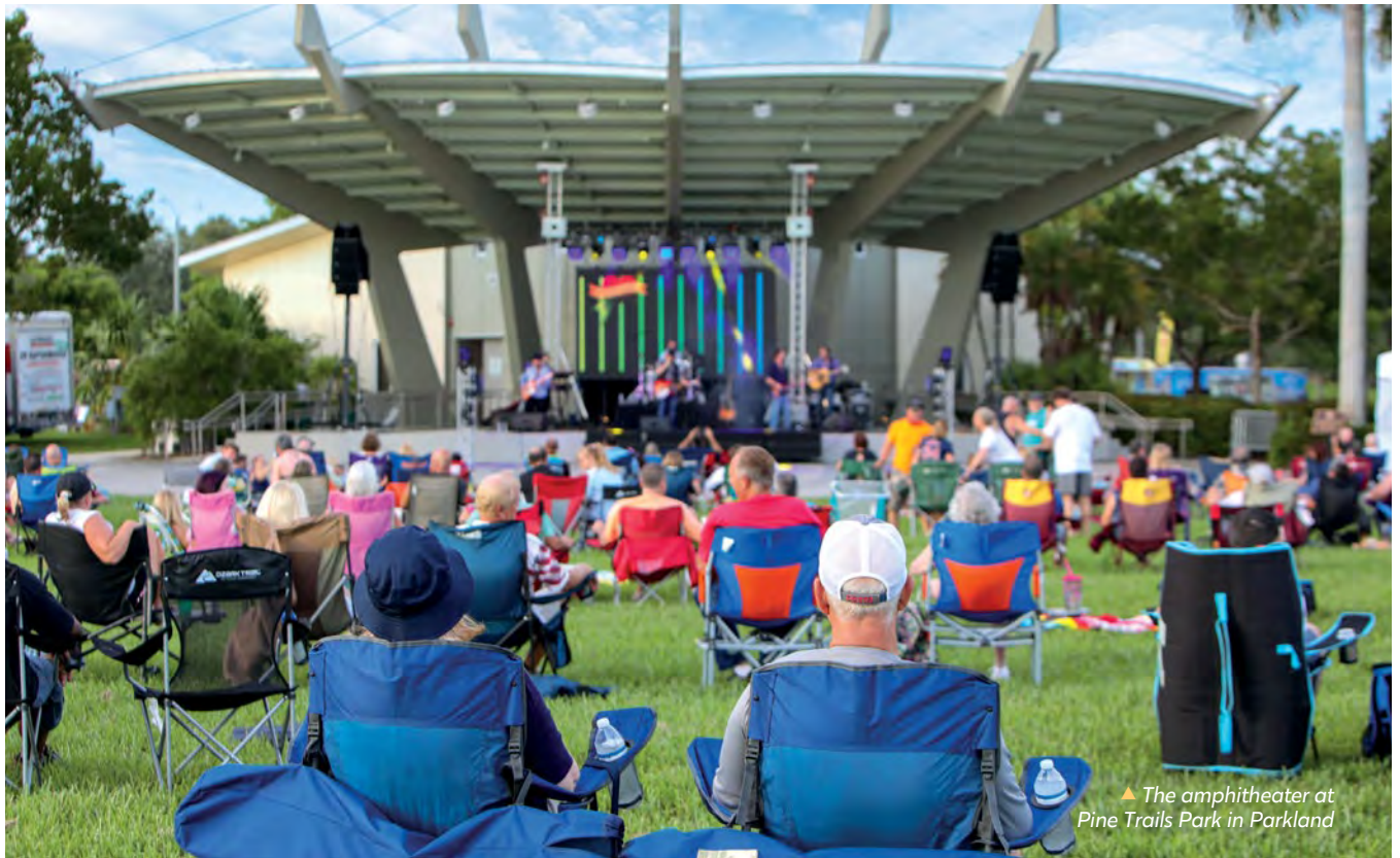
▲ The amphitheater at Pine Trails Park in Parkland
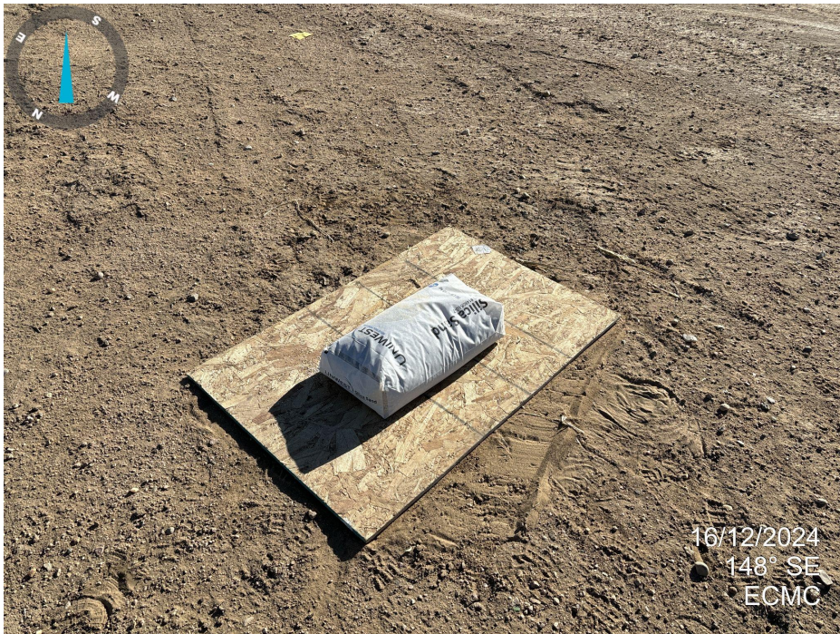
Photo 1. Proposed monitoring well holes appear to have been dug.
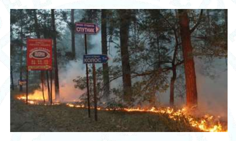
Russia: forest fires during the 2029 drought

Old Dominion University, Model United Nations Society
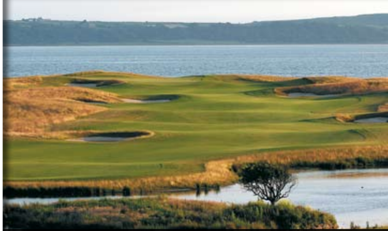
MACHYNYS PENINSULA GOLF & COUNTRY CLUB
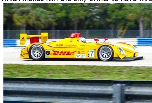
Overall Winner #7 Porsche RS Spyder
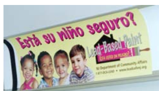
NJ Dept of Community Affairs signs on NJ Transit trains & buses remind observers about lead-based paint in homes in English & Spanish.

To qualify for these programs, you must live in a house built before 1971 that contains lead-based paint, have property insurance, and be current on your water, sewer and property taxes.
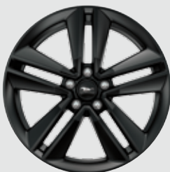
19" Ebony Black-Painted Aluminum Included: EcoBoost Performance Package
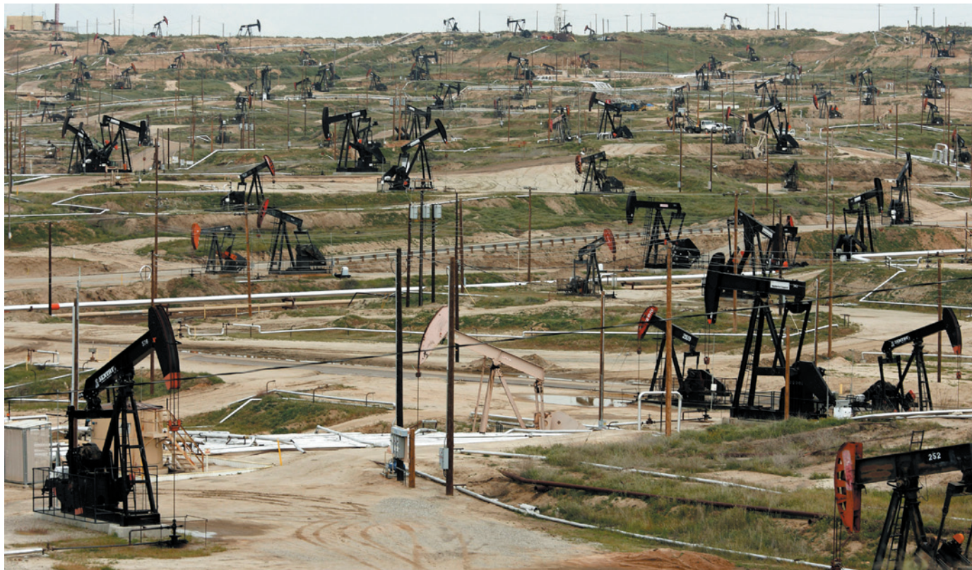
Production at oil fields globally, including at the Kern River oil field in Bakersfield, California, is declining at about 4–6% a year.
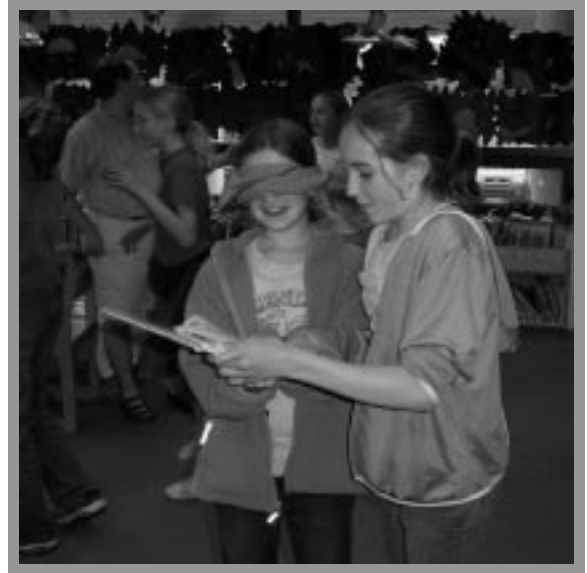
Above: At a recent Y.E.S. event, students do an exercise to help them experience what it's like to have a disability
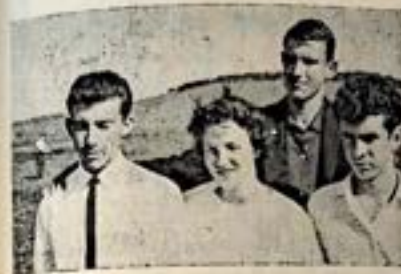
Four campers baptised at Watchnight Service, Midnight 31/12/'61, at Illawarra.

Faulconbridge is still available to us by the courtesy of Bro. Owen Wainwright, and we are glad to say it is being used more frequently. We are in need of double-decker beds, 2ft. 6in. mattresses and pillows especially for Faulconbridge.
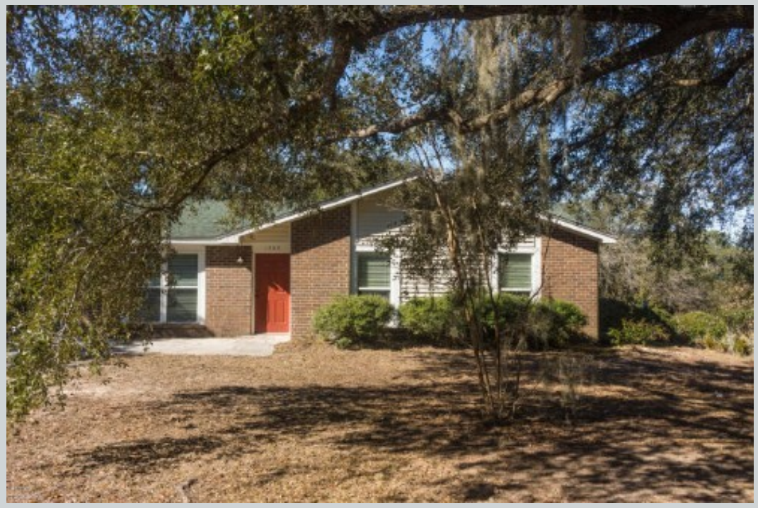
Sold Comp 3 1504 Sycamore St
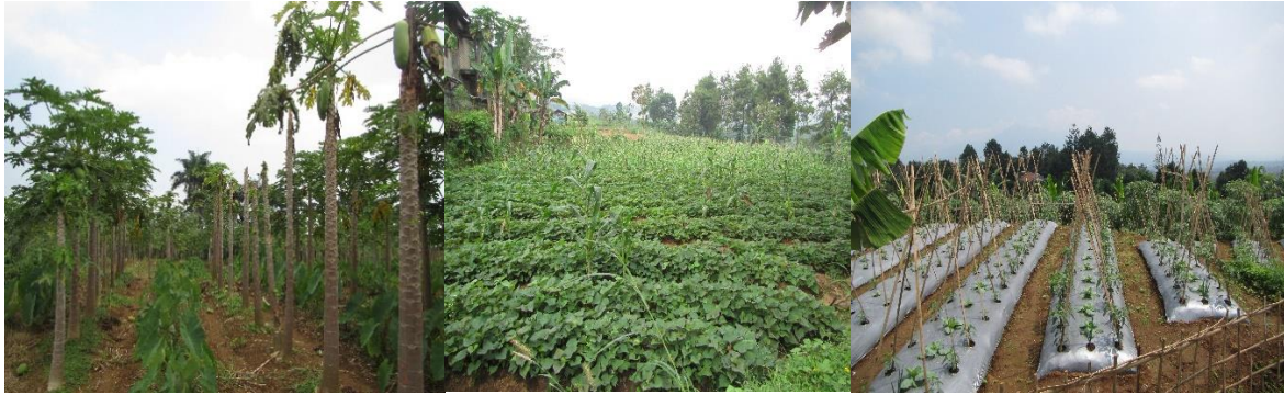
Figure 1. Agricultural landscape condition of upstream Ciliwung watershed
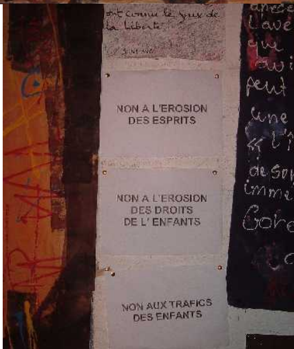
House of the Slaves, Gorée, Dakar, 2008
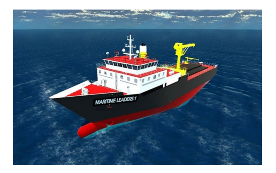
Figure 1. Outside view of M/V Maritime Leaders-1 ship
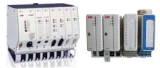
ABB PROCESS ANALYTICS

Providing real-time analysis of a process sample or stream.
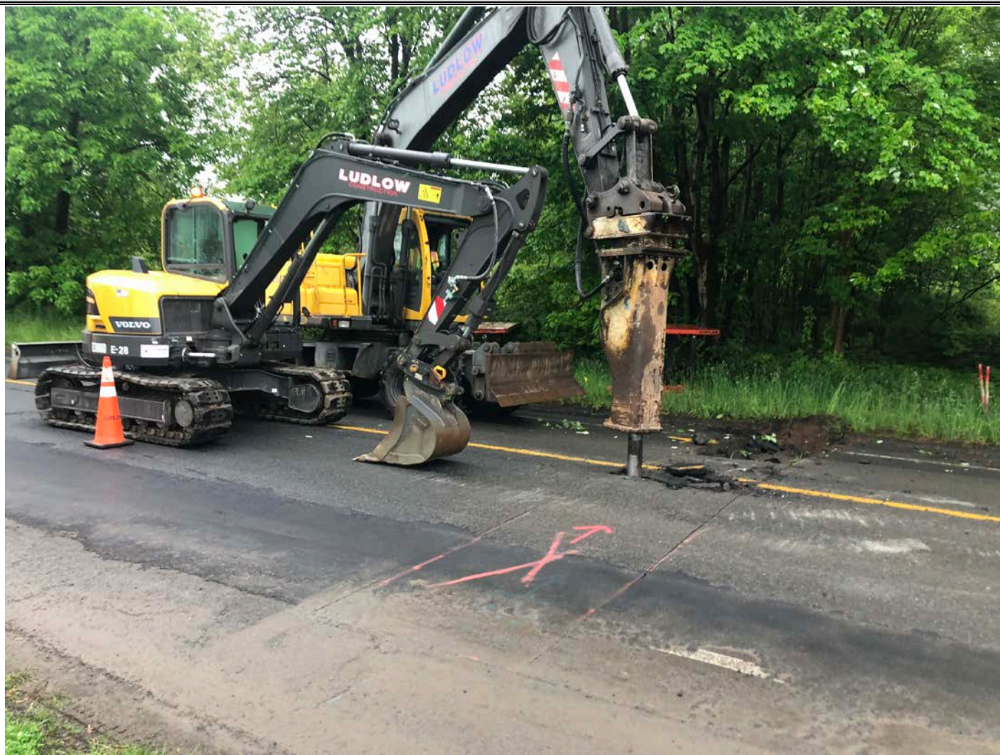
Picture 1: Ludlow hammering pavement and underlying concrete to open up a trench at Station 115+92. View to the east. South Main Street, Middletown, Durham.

> _Requirement_
Return all the records above exactly, pictures omitted.

> _Response to this task_
▲ The amphitheater at Pine Trails Park in Parkland
Photo 1. Proposed monitoring well holes appear to have been dug.
Russia: forest fires during the 2029 drought

Old Dominion University, Model United Nations Society
MACHYNYS PENINSULA GOLF & COUNTRY CLUB
Overall Winner #7 Porsche RS Spyder
NJ Dept of Community Affairs signs on NJ Transit trains & buses remind observers about lead-based paint in homes in English & Spanish.

To qualify for these programs, you must live in a house built before 1971 that contains lead-based paint, have property insurance, and be current on your water, sewer and property taxes.
19" Ebony Black-Painted Aluminum Included: EcoBoost Performance Package
Production at oil fields globally, including at the Kern River oil field in Bakersfield, California, is declining at about 4–6% a year.
Above: At a recent Y.E.S. event, students do an exercise to help them experience what it's like to have a disability
Four campers baptised at Watchnight Service, Midnight 31/12/'61, at Illawarra.

Faulconbridge is still available to us by the courtesy of Bro. Owen Wainwright, and we are glad to say it is being used more frequently. We are in need of double-decker beds, 2ft. 6in. mattresses and pillows especially for Faulconbridge.
Sold Comp 3 1504 Sycamore St
Figure 1. Agricultural landscape condition of upstream Ciliwung watershed
House of the Slaves, Gorée, Dakar, 2008
Figure 1. Outside view of M/V Maritime Leaders-1 ship
ABB PROCESS ANALYTICS

Providing real-time analysis of a process sample or stream.
Picture 1: Ludlow hammering pavement and underlying concrete to open up a trench at Station 115+92. View to the east. South Main Street, Middletown, Durham.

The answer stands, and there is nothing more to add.